Black amber—the darkness, the resin, the heat of fire smoldering in secret.

Ripe plum—sweet, lush, almost forbidden, like biting into a fruit that could stain my mouth forever.

Together, they were her.

My Tiger.

My curse.

My cure.

My secret weapon.

I lapped at her neck.

She shivered, and her scent clung to my tongue, slid into my blood, rewrote me molecule by molecule until I was no longer man but creature.

The Dragon.

Obsessed.

Unchained.

Unhinged.

Goddamn it. If I could devour her. . .

The thought cracked through me like lightning, dragging Rin’s voice back from the test. “I eat a human heart once a month for strength and vitality.”

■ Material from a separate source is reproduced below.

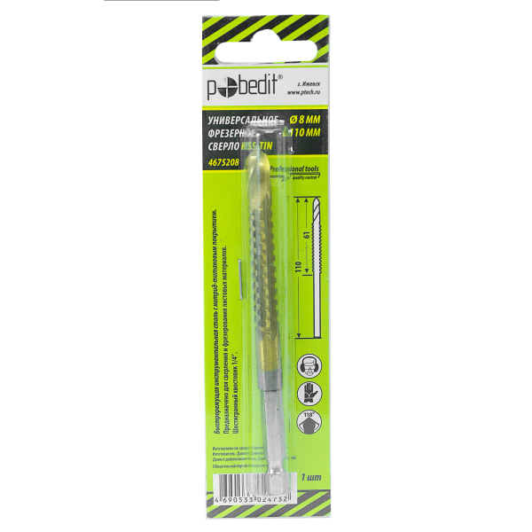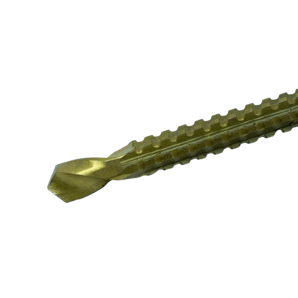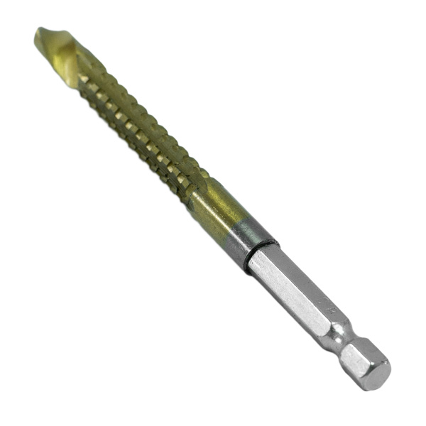 Инструментальная легированная сталь, нитрид-титановое покрытие. Для сверления с последующим фрезерованием листовых материалов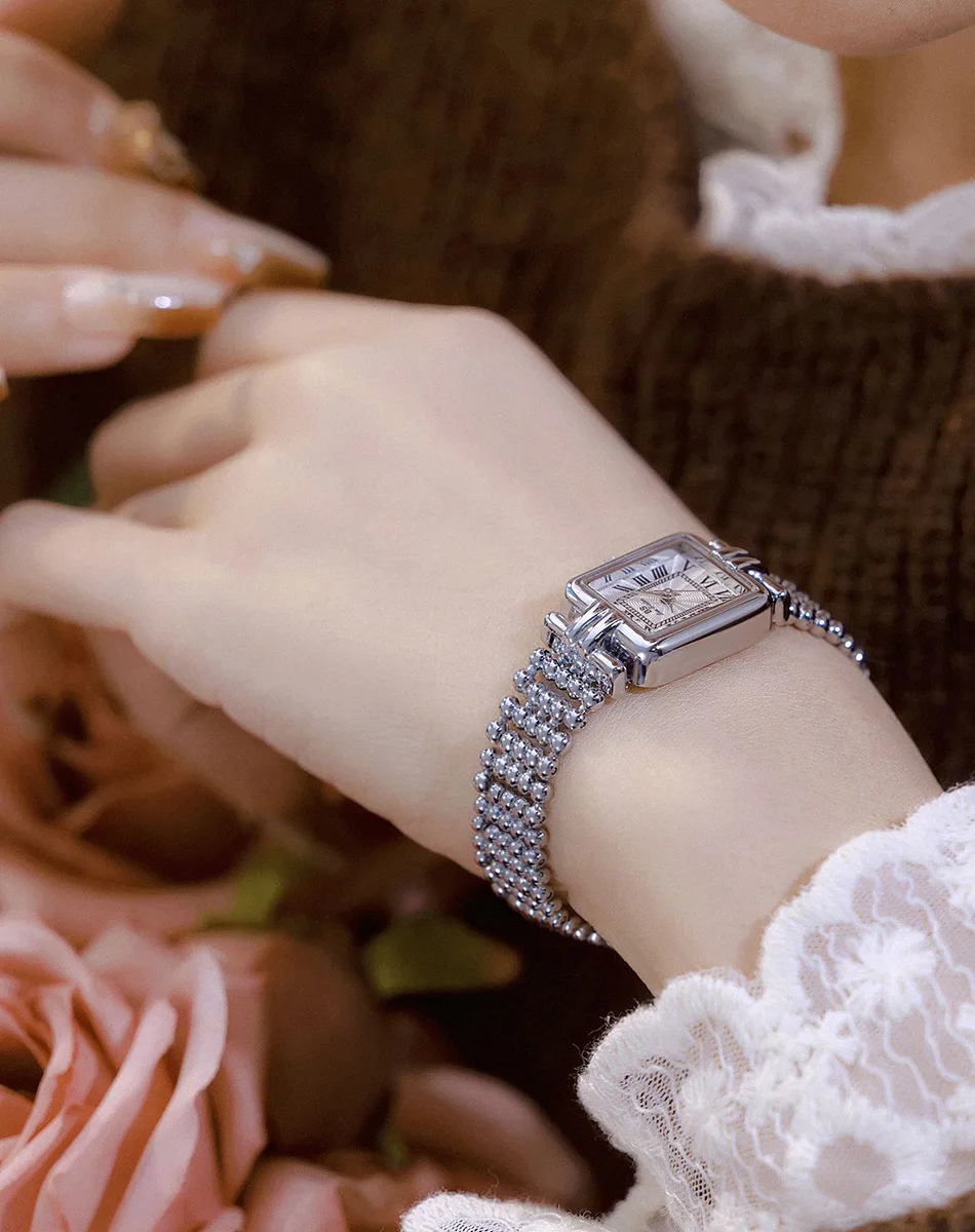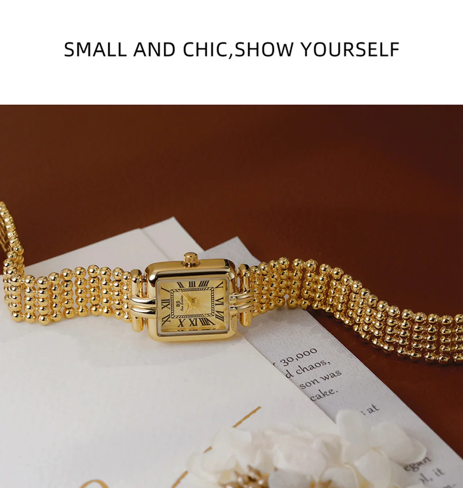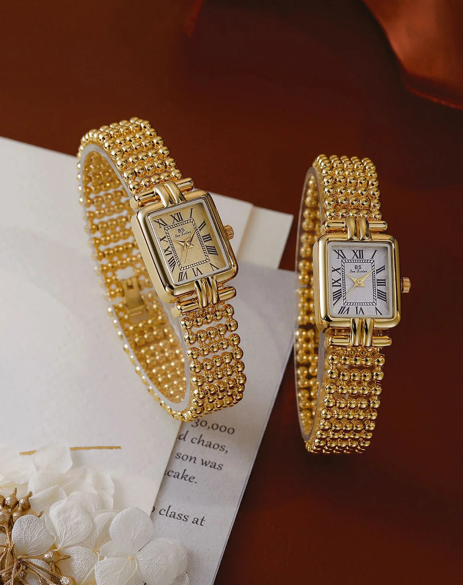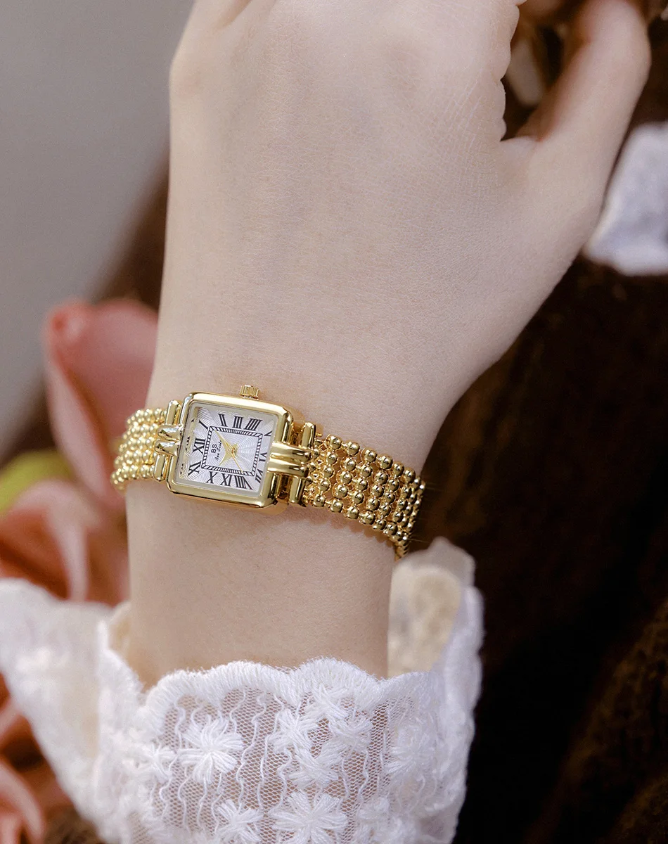 Vintage Watch Women Luxury Gold Square Quartz Watches Ladies Fashion Silver Bracelet Roman Scale Clock Gifts

At the time, I’d thought it ridiculous.

Now?

Looking at her curves glowing under my light, hearing her breath break in my ear—fuck, I understood.

I wanted to eat my Tiger’s heart.

Not in metaphor.

Not in poetry.

In fact, I wanted to bite into her flesh, taste the muscle that kept her alive, feel it pounding against my teeth. To rip her chest open and feast, to fill myself with the proof she was mine inside and out.

Madness.

That’s what she did to me.

And it wasn’t the first time.

I’d already had a taste of her blood in the shower. That warm liquid stained my tongue.